Plenty of room for your type in the big tent of libertarianism. I think you'll find yourself right at home, M. Richmond!
Are you dirty from working the soil? Or maybe like me, by marrying up and hot?
Hahaha I'm dirty from both tbh.
Something else to wonder about: where would the price of gold and silver be today if bitcoin and the other cryptocurrencies didn't exist?
I've a feeling the prices of these things are suppressed in multiple ways, but crypto could be holding it down as well, as both are bets against the dollar.
And both are alternative investments to stocks and bonds. This moderating effect (i.e. less market volatility) is an under-appreciated bonus to crypto availability.
More choice, better collective judgments of market value, and better resilience in markets for capital allocation.
Jeez, it's a win-win-win.
Still, don't put yer eggs in even close to one basket, digital or "real"!!
There are various well-known methods of suppressing PM prices, most of which are tacitly sanctioned by the central banks and their loathsome ilk; for example, naked shorts of PM in the US is perfectly legal, the only class of commodity where it is not forbidden (though it happens all the time for other commodities due to lack of vigorous enforcement). Bitcoin ETFs and futures markets provide a means of manipulating the price. It might be more difficult to do since the transactions are more transparent and there are a million geeks watching 24/7.
The solution to institutional shorts are individual investors and, of course, the long run in "real" underlying value.
There's that "value" concept again, and its *exactly* the same one from above/below.
I haven't read much about how bitcoin began (I'm not sure if there's much to read), but it's not a coincidence that it happened at the tail of the 2007-2009 financial crisis. And the bitcoin market matured as quantitative easing and financial repression was a constant Fed policy, for most of the 2010s.
Well said.
Some decent history: https://cointelegraph.com/learn/the-history-of-bitcoin-when-did-bitcoin-start
------------
On Jan. 3, 2009, the genesis block (or block zero) for Bitcoin was mined by Satoshi (over seven days). In this initial transaction, also referred to as a generation transaction, or “coinbase,” Satoshi famously included the following message:
“The Times 03/Jan/2009 Chancellor on brink of second bailout for banks”
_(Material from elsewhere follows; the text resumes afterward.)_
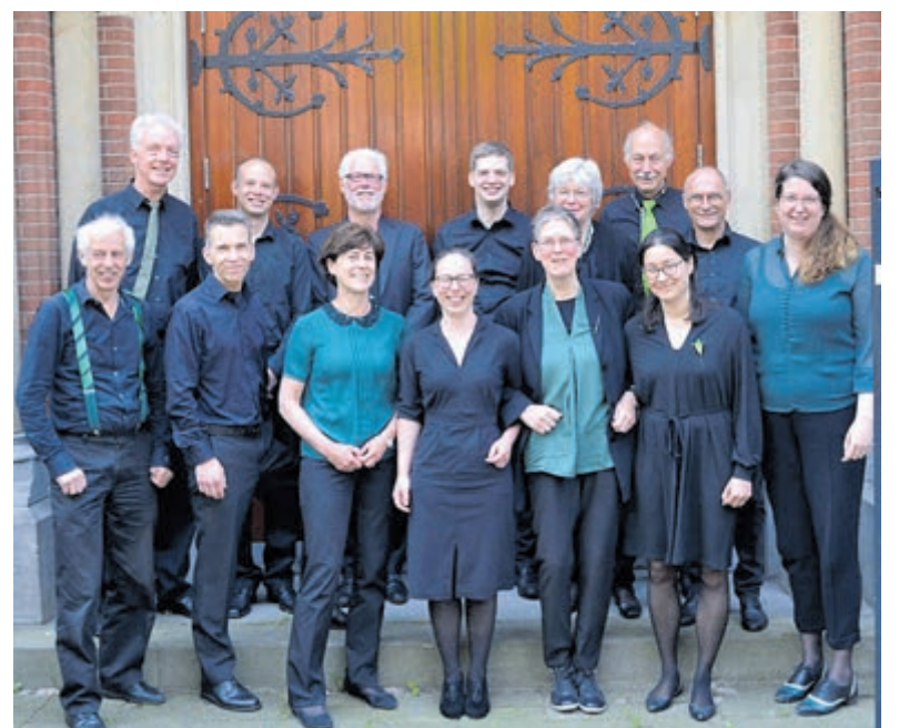
Blazersensemble Windkracht 10. Foto aangeleverd.

Van Brahms variaties op een thema van Haydn op. 56. Van Ravel 'de Pavane': 'Pour une enfante défunte' van Poulenc: Musique faire plaisir. Een divertissement van Emile Bernard, en tot slot de Suite Siciliana van Cesarini. Gezien de beschikbare tijd worden er delen uit de genoemde werken gespeeld. Een programma met een beschrijving van de uit te voeren werken wordt bij de ingang uitgereikt. Bij de uitgang is een collecte en is uw bijdrage zeer welkom, waarvan de onkosten worden voldaan en wat ervan overblijft bestemd is voor het restauratiefonds van de Oude Kerk. Na afloop is er koffie, thee en gebak verkrijgbaar in de Pauwehof.

This message was a clear signal of Bitcoin’s intentions. As the world was experiencing the largest financial crisis since the Great Depression, a new vision for a monetary system separate from the state was born.
Off topic but ... Seymour Hersh reports that Obama told Biden that Harris was ready to invoke the 25th amendment if Biden didn't withdraw his candidacy.
As others have noted, Obama's an old-fashioned Chicago-style pol running the party behind the scenes.
He's the boss man engineering the party's various grifts. The spirit of Hizzoner hovers over the Democrats.
I've long said that the group behind Biden is the old Obama team -- now with more neocons!
And the fawning over Biden makes it clear that was part of the deal. As the Beastie Boys said:
It's not a tough decision, as you can see
I can blow you away, or you can ride with me.
It's the twin neo's that form the "uni-party".
I prefer the terms State and Statist.
I see the Democratic party now as an updated version of the old New Deal coalition of corrupt big-city machines in the North and corrupt courthouse rings in the South.
Now you have big Northern cities run by corrupt coalitions consisting of municipal bureaucracies that buy votes of victim groups, with wealthy donors who led the coup to topple their own president because he might lose and bring their gravy train to a halt.
The biggest change is the Republican party now represents the workers and their "middle" class, the ones working hard to improve their and their family's lot in life.
The 2016 election of the un-capturable DJT kicked the neo-con Statist cancer out, and they joined the Left ( the one-party police-state Democrat party).
When I look at Mitch McConnell I don't see a working class hero.